The Handbook makes no claims to be comprehensive or definitive. Its chapters are focused assessments of strands and conversations within the field, organised around analytical concepts, bodies of theory and problems of political practice. “The (increasing) diversity of political ecology raises a question about where its coherence lies. Our answer is that political ecology is not defined by a research topic or a particular scalar focus, but by a set of commitments.”
As the Handbook’s introductory essay explains, these are: a) a theoretical commitment to social theory and post-positivist approaches, in which knowledge about nature is inseparable from social relations of power; b) a methodological commitment to in-depth qualitative research and direct observation (although often in collaboration with/with contributions from quantitative approaches); and c) a normative-political commitment to justice and structural political change; that is, not just to explain, but to construct an alternative understanding with an orientation towards justice.
Paul Robbins captures this well in his discussion of political ecology as ‘a trickster science’ (chapter 6), “[whose] chief characteristic in this regard is its simultaneous ability to advance rigorous empirical assessment of socio-environmental conditions and change, freely adopting the methods and conceptual apparatus of related research traditions, while constantly critiquing and undermining the projects of these other fields (p. 89).”

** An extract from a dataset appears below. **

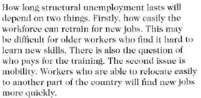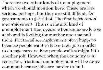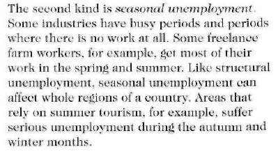 UNEMPLOYMENTDate: 2015-10-07; view: 516. Reading 2 There will always be a certain amount of unemployment in the economy. When economists talk about full employment they mean that everyone who can work and wants to work has a job. Able workers who are not working are simply not happy with the salaries that are offered – or just can't be bothered! However, economies rarely reach full unemployment. There are a number of reasons for this, and a number of different types of unemployment. One of these is cyclical employment. This type of unemployment varies with the growth and recession cycle of the economy. As the economy grows, demand for labour grows and unemployment falls. As the economy contracts, unemployment grows. A second kind of unemployment is structural unemployment. This occurs when changing public tastes or advances in technology cause a fall in demand for some types of work. For example, computer technology has revolutionized the printing industry, and many traditional printers' jobs have become obsolete. Sometimes whole regions of a country suffer from high structural unemployment. The north-east of England, for example, was famous for many years for its shipbuilding industry. Competition from abroad

And further, as political ecology is diverse, it raises questions about political ecology’s relations with other fields. HoPE’s editors—Bridge recounts—“make the point that political ecology has no monopoly on socio-natural relations: rather it is one patch in a broad field occupied by other social science disciplines, such as environmental anthropology, environmental sociology, ecological economics, environmental economics and sustainability science”.
HoPE is an impressively broad collection—650 pages, comprising 48 chapters by 55 authors. It is structured in four parts (see the table of contents). The largest (part IV)—on ‘Core questions in political ecology—is organised around five fundamental questions: environmental knowledge; environmental change; environmental governance; environmental identities; and environmental politics.
The event continued with a presentation by Stefania Barca, author (with Gavin Bridge) of a chapter on ‘Industrialization and environmental change’ (chapter 28); and with a talk by Erik Swyngedouw, author of the last chapter (47) on ‘Urbanization and environmental futures’. These presentations, and the debate that followed, gave the audience a taste of what is perhaps the most ambitious essay collection to date on political ecology.
*Many thanks to Gavin Bridge for help in the preparation of this post.